Pada masa Orde Lama, bagaimana akhir dari perpaduan ''Duo Proklamator'' kita...? Ketika awal berdiri Republik ini hubungan mesra keduanya merupakan spirit bagi rakyat dan pejuang kemerdekaan dalam menahan gempuran NICA untuk mempertahankan kemerdekaan. Endingnya adalah sangat kontra produktif dengan semangat Proklamasi. Mohammad Hatta mengundurkan diri dengan kepala tegak sebagai Wapres karena merasa tidak seiring sejalan lagi dengan Presiden dalam membangun Indonesia.

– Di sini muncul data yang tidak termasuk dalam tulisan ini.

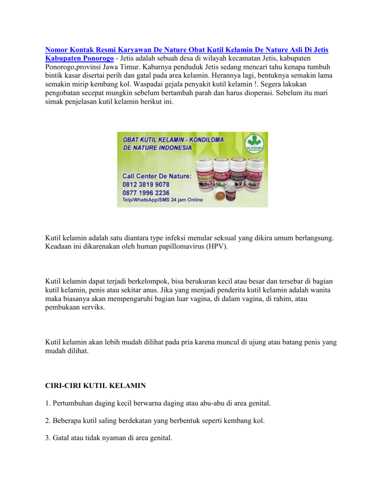 Nomor Kontak Resmi Karyawan De Nature Obat Kutil Kelamin De Nature Asli Di Jetis Kabupaten Ponorogo - Jetis adalah sebuah desa di wilayah kecamatan Jetis, kabupaten Ponorogo,provinsi Jawa Timur. Kabarnya penduduk Jetis sedang mencari tahu kenapa tumbuh bintik kasar disertai perih dan gatal pada area kelamin. Herannya lagi, bentuknya semakin lama semakin mirip kembang kol. Waspadai gejala penyakit kutil kelamin !. Segera lakukan pengobatan secepat mungkin sebelum bertambah parah dan harus dioperasi. Sebelum itu mari simak penjelasan kutil kelamin berikut ini. Kutil kelamin adalah satu diantara type infeksi menular seksual yang dikira umum berlangsung. Keadaan ini dikarenakan oleh human papillomavirus (HPV). Kutil kelamin dapat terjadi berkelompok, bisa berukuran kecil atau besar dan tersebar di bagian kutil kelamin, penis atau sekitar anus. Jika yang menjadi penderita kutil kelamin adalah wanita maka biasanya akan mempengaruhi bagian luar vagina, di dalam vagina, di rahim, atau pembukaan serviks. Kutil kelamin akan lebih mudah dilihat pada pria karena muncul di ujung atau batang penis yang mudah dilihat. CIRI-CIRI KUTIL KELAMIN 1. Pertumbuhan daging kecil berwarna daging atau abu-abu di area genital. 2. Beberapa kutil saling berdekatan yang berbentuk seperti kembang kol. 3. Gatal atau tidak nyaman di area genital. 4. Pendarahan saat atau sesudah hubungan seks. 5. Daging tumbuh diraba umumnya kasar. Virus yang menyebabkan adanya penyakit kutil kelamin adalah Human papilloma virus atau disingkat dengan sebutan HPV. Penderita akan merasakan gatal-gatal pada daerah sekitar genitalnya. Benjolan biasanya tumbuh secara individu, atau benjolan tersebut bisa tumbuh secara berdekatan atau mengelompok lebih besar. Benjolan-benjolan kutil kelamin biasa juga disebut dengan jengger ayam. KOMPLIKASI KUTIL KELAMIN - Kanker - Masalah selama kehamilan - Beresiko HIV Dalam kasus yang jarang, penyakit ini juga bisa menular ketika tangan seorang yang terinfeksi menyentuh area genitalnya sendiri dan kemudian menyentuh area genital pasangannya. Nomor Kontak Resmi Karyawan De Nature Obat Kutil Kelamin De Nature Asli Di Jetis Kabupaten Ponorogo KONDISI FISIK PENYEBAB KUTIL KELAMIN - Stres - Kencing manis atau diabetes melitus - Sistem imun tubuh yang lemah Bisa dilihat di chanel youtube kami : Review Lengkap Aturan Pemakaian Obat Kutil Kelamin De Nature Yang Benar OBAT KUTIL KELAMIN Informasi untuk kenyamanan anda, bahwa Produk dari perusahaan kami ini sudah memiliki: - Bersertifikat ISO 9001:2015 - Ijin Resmi Perusahaan dari Kementerian Kesehatan - Ijin BPOM, yang artinya sudah lulus Uji Stabilitas Produk - Sertifikat Halal MUI, sehingga kehalalannya bisa dipertanggung jawabkan - Apoteker Yang berpengalaman - Sudah melewati Proses Sortir Bahan Baku, Guna Menjaga Mutu Produk - Proses Produksi Sesuai Alur CPOTB (Cara Pembuatan Obat Tradisional Yang Baik Dan Benar) Informasi konsultasi dan pemesanan Obat Kutil Kelamin De Nature ,silahkan hubungi kami di nomor kontak De Nature: 0812-3819-9078 atau 0877-1996-2236. Penelusuran yang terkait: de nature indonesia, testimoni de nature, rekening de nature asli, rekening resmi de nature.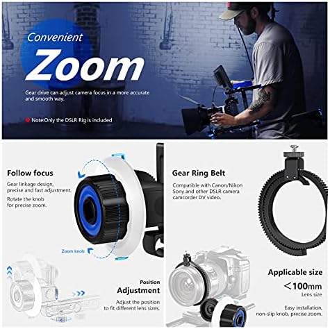 【Matte Field & Comply with Focus】 Matte field suits lenses 43–77mm in diameter. The three flags block extreme mild and keep away from lens glare for clear, sharp footage. Comply with focus means that you can regulate the main target easily and precisely with one hand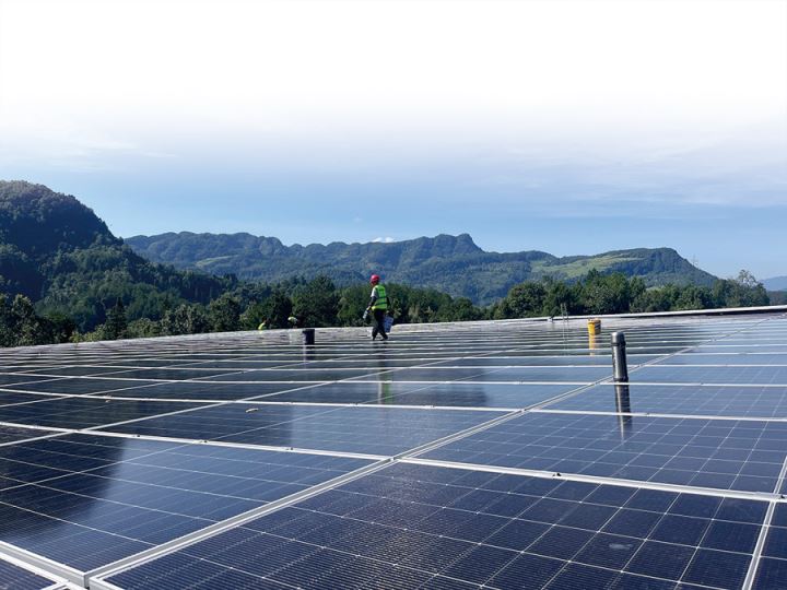 19421 次浏览 08-28已经安装好的光伏板安装光伏板棚顶下的肉牛项目负责人介绍建设情况工作人员检查机房检查光伏板8月26日,走进石家镇鱼田村光伏发电项目基地,工人们正在肉牛养殖场的屋顶安装光伏板,蓝色的光伏板正吸收着金色的阳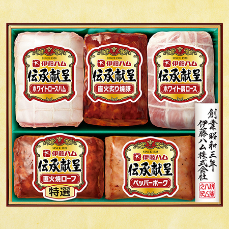 - お届け内容 ●ホワイトロースハム320g、直火炙り焼豚180g、ホワイト肩ロース210g、特選直火焼ローフ180g、ペッパーポーク180g
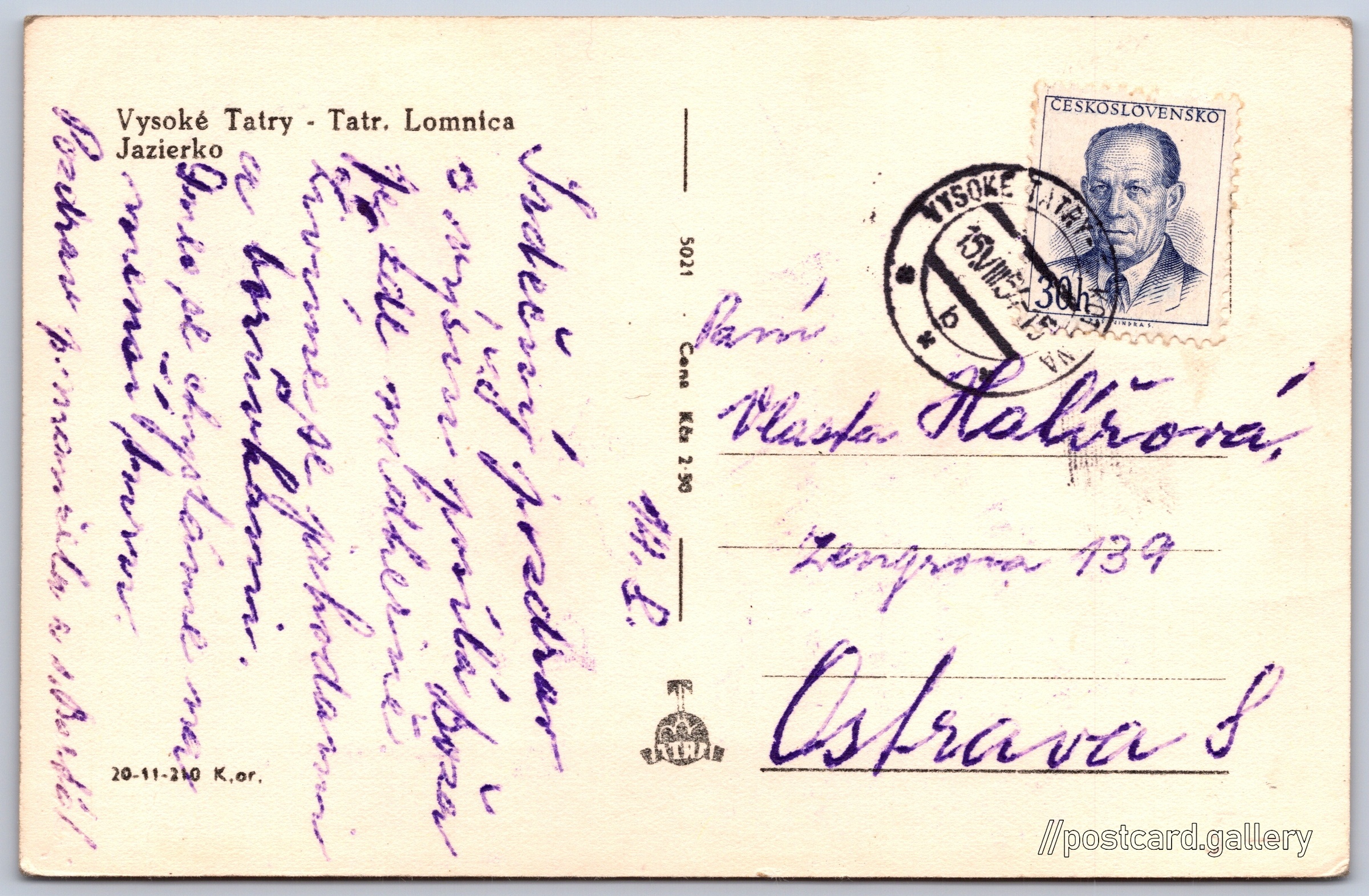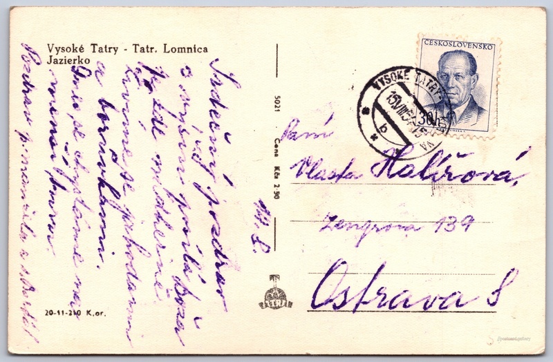 Tatraská Lomnice, jezírko Pokud chcete vidět pohlednice ve vyšším rozlišení nebo zobrazovat jejich zadní stranu, tak se prosím nejdříve přihlašte Přihlásit Zaregistrovat Vysoké Tatry - Tatr. LomnicaJazierko Jazyk tištěného textu na pohlednici: slovenština Tatranská Lomnica ukázat na mapě V blízkém okolí místa zobrazeného na pohlednici lze najít 76 jiných pohlednic. Zobrazit blízké pohlednice Vydavatel: Tatran (Československo) Odhadované datum vydání pohlednice: 1951 - 1954 Pomozte nám zpřesnit rok vzniku pohlednice Velikost (š x v) a tvar pohlednice: 139 x 90 mm (5.47" x 3.54"), obdélník Prošlá poštou:Datum na razítku: 15.8.1954Datum napsání pohledu: 14.8.1951 Ceny: Cena pohlednice: 2,50 Kčs (CSK)Vyplacené známky: 0,30 Kčs (CSK) Kódy na pohlednici: 5021 20-11-210 K.or. DiskuseVložit příspěvek Přidat novou složku ... Spravovat složky ...
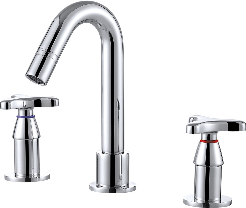 Блестящий внешний вид двухручкового смесителя с обновленными ручками привлекает своим внешним видом, послужит прекрасным дополнением классической ванной комнаты.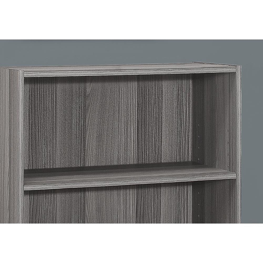 This 3-shelf bookcase in a simple, clean and space-saving design makes it a versatile storage option for any room in your home. The solid adjustable shelving allows for various sized objects to be displayed in your own creative way. Constructed from engineered materials in a sophisticated gray wood-look laminate finish, this transitional style bookcase could be used in an entryway to store all your shoes, or in a living room, home office, or bedroom to place books, toys, and decorative objects. Assembly is required. Features: Finish: Gray Materials: Particle Board and Laminate 2 adjustable shelves and 1 fixed bottom shelf Space saving, transitional/ contemporary style suitable for any room Elegant gray finish on 3 sides Assembly required Specifications: Product Dimensions: 35.5″ H x 24.75″ W x 11.75″ D Product Weight: 29 lbs Shelf Dimensions: (Top) 10.5″ H x 23.5″ W x 11.5″ D Shelf Dimensions: (Center) 10.75″ H x 23.5″ W x 11.5″ D Shelf Dimensions: (Bottom) 11.25″ H x 23.5″ W x 11.5″ D Shelf Weight Capacity: 5 lbs Number of Shelves: 3

Pada masa Orde Baru setali tiga uang. Soeharto membangun ''kerajaan''nya dengan berbagai cara yang tidak polpuler dimata rakyat. Orang-orang dekatnya yang sama-sama pernah berjuang mengganyang PKI, seperti Sarwo Edhie Wibowo dan AH. Nasution ditinggalkannya begitu saja karena berbeda haluan politik serta mengganggu ''kepentingan'' kekuasaan. Sarwo Edhie ''dibuang'' menjadi Duta Besar ke beberapa negara. AH. Nasution tidak berkutik di dalam negeri. Walaupun dikalangan meliter beliau sangat dihormati, namun dimata Soeharto, beliau adalah rival yang selalu harus diwaspadai gerak-geriknya.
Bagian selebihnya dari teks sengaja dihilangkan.